Edit: for the sake of completeness: you can also use a built-in function sorted()
instead list.sort()
if you want to cram it all into a single line statement (which might not be such a good read / read idea, but that's a different story):
>>> listWords = ["go", "make", "do", "some", "lot"]
>>> listOccurrences = [2, 4, 8, 1, 5]
>>> listOccurrences, listWords = zip(*sorted(zip(listOccurrences, listWords), reverse=True))
>>> listWords
('do', 'lot', 'make', 'go', 'some')
>>> listOccurrences
(8, 5, 4, 2, 1)
source to share
Another way to do this is to have your data in a dictionary. Since you are counting the occurrence of a word, therefore listwords will have unique words and use can use it as a dictionary key.

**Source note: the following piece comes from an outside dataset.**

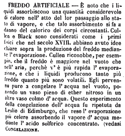 | Freddo artificiale - E' noto che i liquidi assorbiscono una quantità considerevole di calore nell'atto del lor passaggio allo stato di vapore, e che tale assorbimento si fa a danno del calorico dei corpi circostanti. Cullen e Black sono considerati come i primi fisici che nel secolo XVIII. abbiano avuto idee chiare sopra la produzione del freddo mediante l'evaporazione. Cullen riconobbe, per esempio, che il freddo è maggiore nel vuoto che nell'aria, perchè v'è più rapida l'evaporazione, e che i liquidi producono tanto più freddo quanto più sono volatili. Egli pervenne pure a congelare l'acqua nel vuoto, ponendo un vaso pieno di ether nitroso in un altro vaso colmo d'acqua. Questo esperimento della congelazione dell'acqua fu ripetuta da Leslie di Edimburgo, che rese l'evaporazione più celere assorbendo il vapore d'acqua mediante l'acido solforico concentrato. (vedasi Congelazione. [immagine] |

You can use python sorted method to sort keys and values in the same order.
listWords = ["go", "make", "do", "some", "lot"]

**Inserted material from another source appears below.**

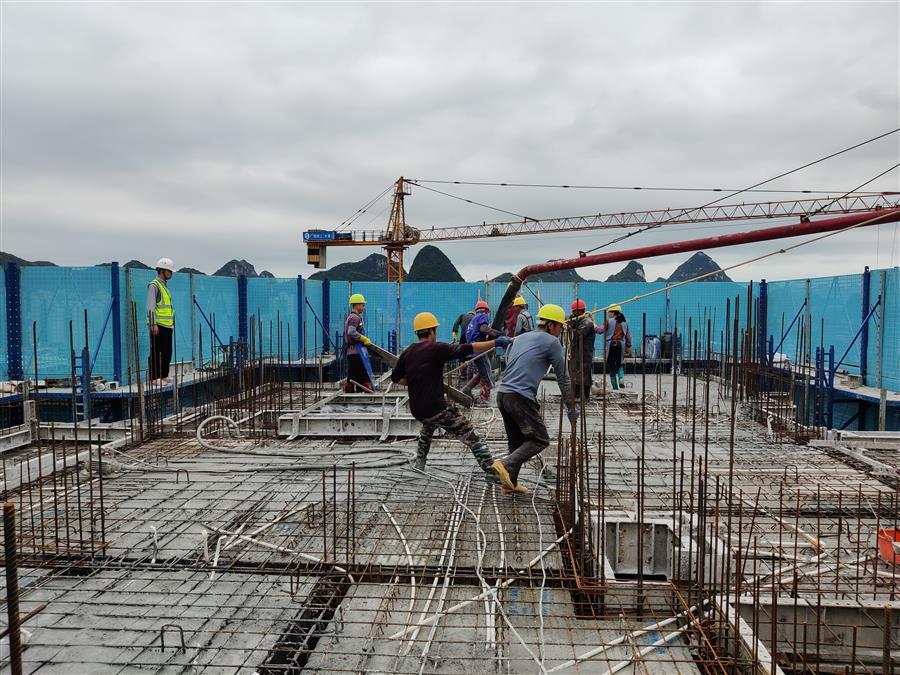 馬達聲、電鉆聲轟鳴,混凝土攪拌車、混凝土泵車、材料運輸板車、土方綠皮車來往穿梭,綁扎鋼筋、混凝土塌落度試驗、澆筑混凝土、升爬架前驗收等工作有條不紊進行,這是第四分公司融創(chuàng)江南林語項目的趕工現(xiàn)場。

listOccurrences = [2, 4, 8, 1, 5]
dict = {}
i=0
while(len(listWords) > i):
dict[listWords[i]] = listOccurrences[i];
i = i + 1
print sorted(dict, key=dict.get, reverse=True)
print sorted(dict.values(), reverse=True)
source to share
I would use Counter . Here's a pointless one-liner :)
from collections import Counter
listWords, listOccurences = map(list, zip(*Counter(dict(zip(listWords, listOccurrences))).most_common()))
And as a readable code, you should use:
from collections import Counter
listWords = ["go", "make", "do", "some", "lot"]
listOccurrences = [2, 4, 8, 1, 5]
counter = Counter(dict(zip(listWords, listOccurrences)))
print(str(counter))
# Counter({'do': 8, 'lot': 5, 'make': 4, 'go': 2, 'some': 1})
# Want lists again?
listWords, listOccurences = map(list, zip(*counter.most_common()))
print(listWords)
# ['do', 'lot', 'make', 'go', 'some']
print(listOccurrences)
# [8, 5, 4, 2, 1]
Neat conversion back to lists provided thanks to Jon Clements .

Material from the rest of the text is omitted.